[[ Extracted records, beginning ]]
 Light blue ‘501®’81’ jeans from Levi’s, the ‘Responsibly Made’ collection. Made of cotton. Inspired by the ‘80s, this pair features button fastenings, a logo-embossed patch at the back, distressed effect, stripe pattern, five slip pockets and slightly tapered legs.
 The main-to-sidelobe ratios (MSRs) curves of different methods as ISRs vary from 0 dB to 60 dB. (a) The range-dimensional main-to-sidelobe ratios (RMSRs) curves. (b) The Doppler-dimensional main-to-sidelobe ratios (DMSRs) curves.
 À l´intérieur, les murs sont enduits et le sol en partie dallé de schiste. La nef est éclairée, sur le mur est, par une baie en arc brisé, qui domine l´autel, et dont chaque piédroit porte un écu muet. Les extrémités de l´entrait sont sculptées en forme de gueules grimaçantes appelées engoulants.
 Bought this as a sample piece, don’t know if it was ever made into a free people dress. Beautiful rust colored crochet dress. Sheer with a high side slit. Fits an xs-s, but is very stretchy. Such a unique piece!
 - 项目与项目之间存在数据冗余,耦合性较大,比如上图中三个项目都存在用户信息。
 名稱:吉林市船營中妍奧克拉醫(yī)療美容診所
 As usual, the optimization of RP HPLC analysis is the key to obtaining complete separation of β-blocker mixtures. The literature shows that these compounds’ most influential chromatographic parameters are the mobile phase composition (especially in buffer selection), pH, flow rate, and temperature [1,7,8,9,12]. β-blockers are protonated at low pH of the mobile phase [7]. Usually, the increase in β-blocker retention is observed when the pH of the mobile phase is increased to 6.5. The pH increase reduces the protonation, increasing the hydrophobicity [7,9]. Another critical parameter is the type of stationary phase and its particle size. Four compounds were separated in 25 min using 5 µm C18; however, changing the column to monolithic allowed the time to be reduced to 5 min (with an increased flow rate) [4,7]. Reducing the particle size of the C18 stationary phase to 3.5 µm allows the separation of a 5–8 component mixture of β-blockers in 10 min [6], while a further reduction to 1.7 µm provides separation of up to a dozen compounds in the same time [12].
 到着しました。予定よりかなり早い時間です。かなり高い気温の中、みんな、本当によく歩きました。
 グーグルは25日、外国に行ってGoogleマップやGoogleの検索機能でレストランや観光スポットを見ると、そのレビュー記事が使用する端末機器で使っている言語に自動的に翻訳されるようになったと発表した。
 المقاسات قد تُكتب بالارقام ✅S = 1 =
[[ Extracted records, end ]]
[[ Extracted records, beginning ]]
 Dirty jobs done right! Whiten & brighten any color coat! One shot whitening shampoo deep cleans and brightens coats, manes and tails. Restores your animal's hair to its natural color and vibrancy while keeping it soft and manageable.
[[ Extracted records, end ]]
[[ Extracted records, beginning ]]
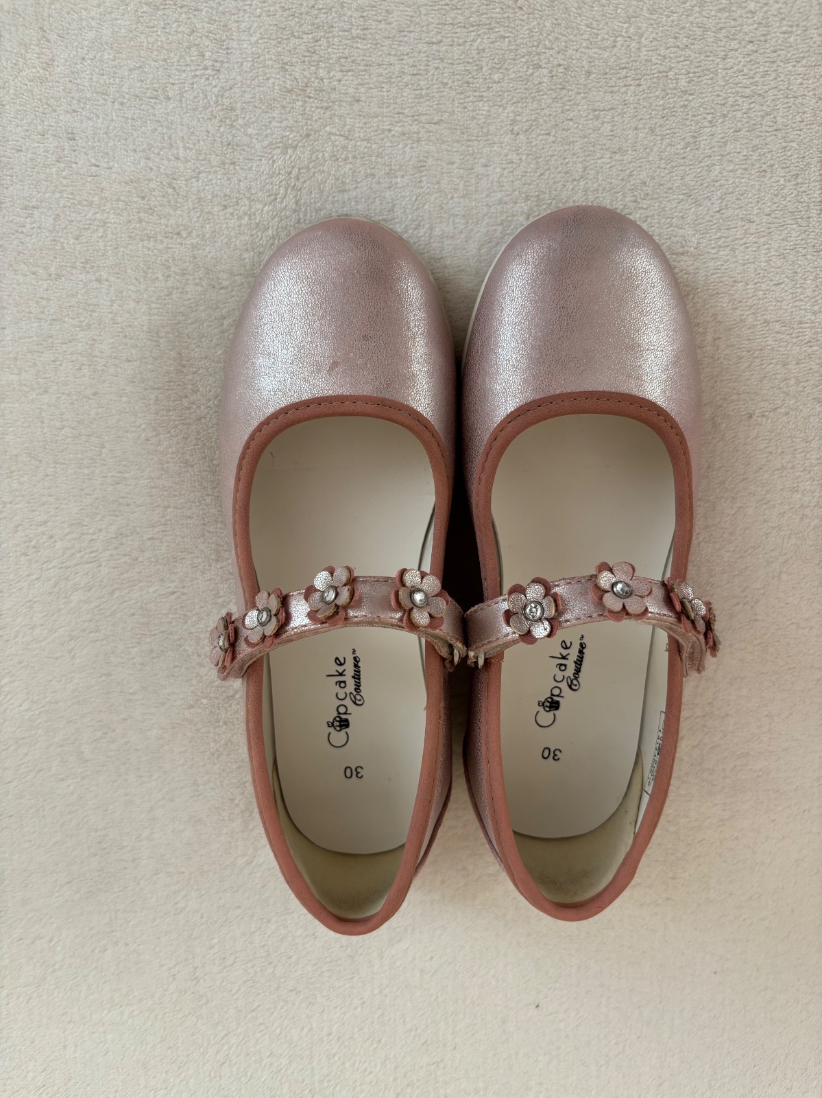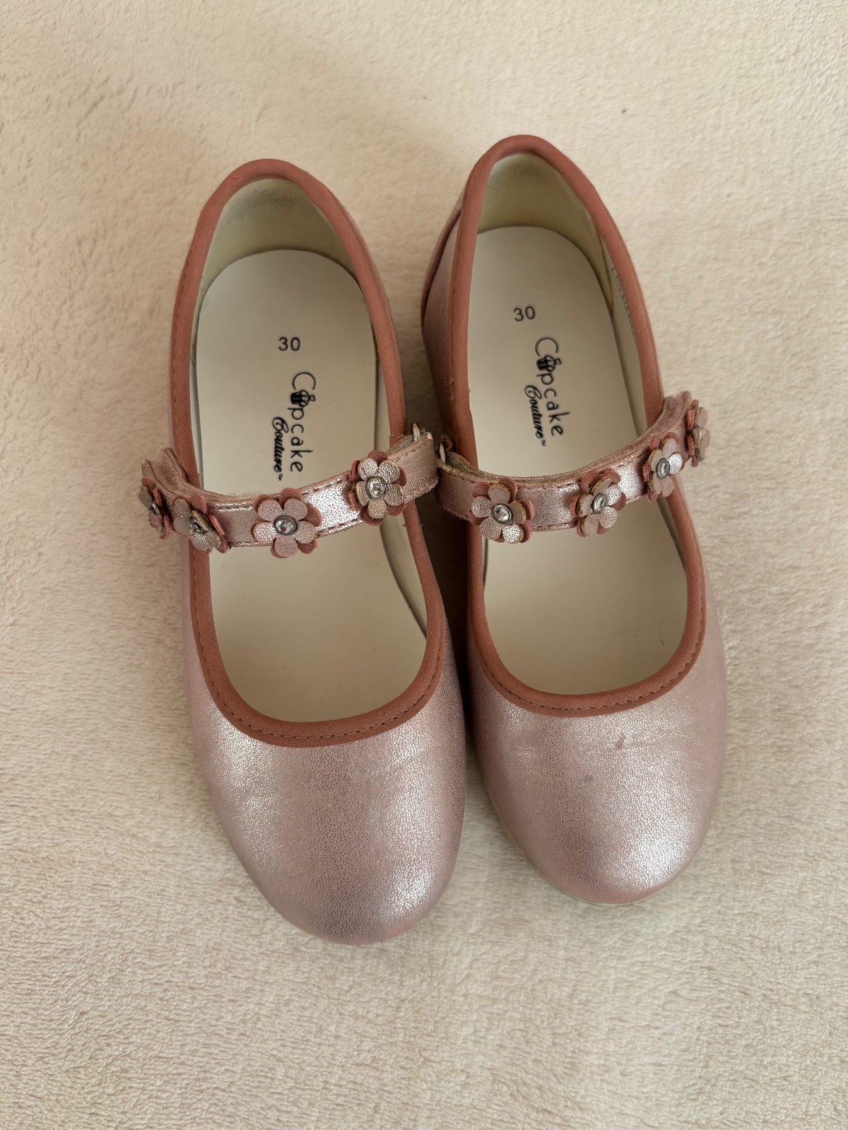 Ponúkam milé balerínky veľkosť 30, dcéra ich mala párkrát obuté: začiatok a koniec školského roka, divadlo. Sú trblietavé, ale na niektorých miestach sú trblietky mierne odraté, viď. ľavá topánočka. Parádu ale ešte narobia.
[[ Extracted records, end ]]
→ **Work required**
Please transcribe exactly the lines above from the line that has "- 项目与项目之间存在数据冗余,耦合性较大,比如上图中三个项目都存在用户信息。" up to and including the line that has "المقاسات قد تُكتب"; no other line belongs in the answer.

→ **Response for this exercise**
 - 项目与项目之间存在数据冗余,耦合性较大,比如上图中三个项目都存在用户信息。
 名稱:吉林市船營中妍奧克拉醫(yī)療美容診所
 As usual, the optimization of RP HPLC analysis is the key to obtaining complete separation of β-blocker mixtures. The literature shows that these compounds’ most influential chromatographic parameters are the mobile phase composition (especially in buffer selection), pH, flow rate, and temperature [1,7,8,9,12]. β-blockers are protonated at low pH of the mobile phase [7]. Usually, the increase in β-blocker retention is observed when the pH of the mobile phase is increased to 6.5. The pH increase reduces the protonation, increasing the hydrophobicity [7,9]. Another critical parameter is the type of stationary phase and its particle size. Four compounds were separated in 25 min using 5 µm C18; however, changing the column to monolithic allowed the time to be reduced to 5 min (with an increased flow rate) [4,7]. Reducing the particle size of the C18 stationary phase to 3.5 µm allows the separation of a 5–8 component mixture of β-blockers in 10 min [6], while a further reduction to 1.7 µm provides separation of up to a dozen compounds in the same time [12].
 到着しました。予定よりかなり早い時間です。かなり高い気温の中、みんな、本当によく歩きました。
 グーグルは25日、外国に行ってGoogleマップやGoogleの検索機能でレストランや観光スポットを見ると、そのレビュー記事が使用する端末機器で使っている言語に自動的に翻訳されるようになったと発表した。
 المقاسات قد تُكتب بالارقام ✅S = 1 =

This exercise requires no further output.